Dataset excerpt:
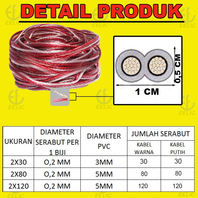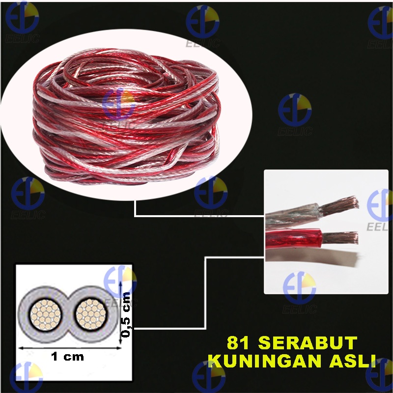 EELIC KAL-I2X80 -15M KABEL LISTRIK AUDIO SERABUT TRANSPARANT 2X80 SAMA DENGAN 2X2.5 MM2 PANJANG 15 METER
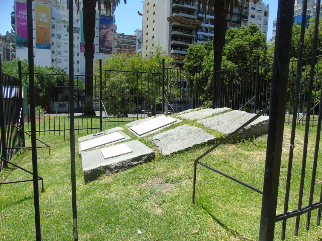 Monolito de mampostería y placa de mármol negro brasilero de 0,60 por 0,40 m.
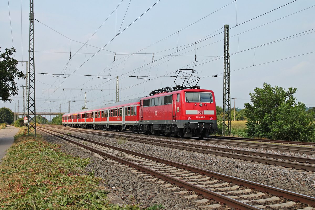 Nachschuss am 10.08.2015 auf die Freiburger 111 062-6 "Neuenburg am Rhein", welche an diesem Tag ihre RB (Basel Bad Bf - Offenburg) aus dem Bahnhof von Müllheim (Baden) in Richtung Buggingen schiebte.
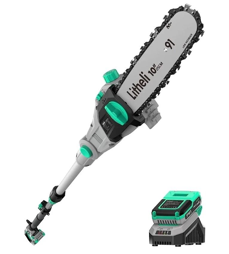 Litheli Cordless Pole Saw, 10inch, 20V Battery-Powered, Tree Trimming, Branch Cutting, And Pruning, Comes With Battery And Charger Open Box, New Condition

Task description: Set the data above down again exactly as given, with no pictures.

Exercise solution:
 EELIC KAL-I2X80 -15M KABEL LISTRIK AUDIO SERABUT TRANSPARANT 2X80 SAMA DENGAN 2X2.5 MM2 PANJANG 15 METER
 Monolito de mampostería y placa de mármol negro brasilero de 0,60 por 0,40 m.
 Nachschuss am 10.08.2015 auf die Freiburger 111 062-6 "Neuenburg am Rhein", welche an diesem Tag ihre RB (Basel Bad Bf - Offenburg) aus dem Bahnhof von Müllheim (Baden) in Richtung Buggingen schiebte.
 Litheli Cordless Pole Saw, 10inch, 20V Battery-Powered, Tree Trimming, Branch Cutting, And Pruning, Comes With Battery And Charger Open Box, New Condition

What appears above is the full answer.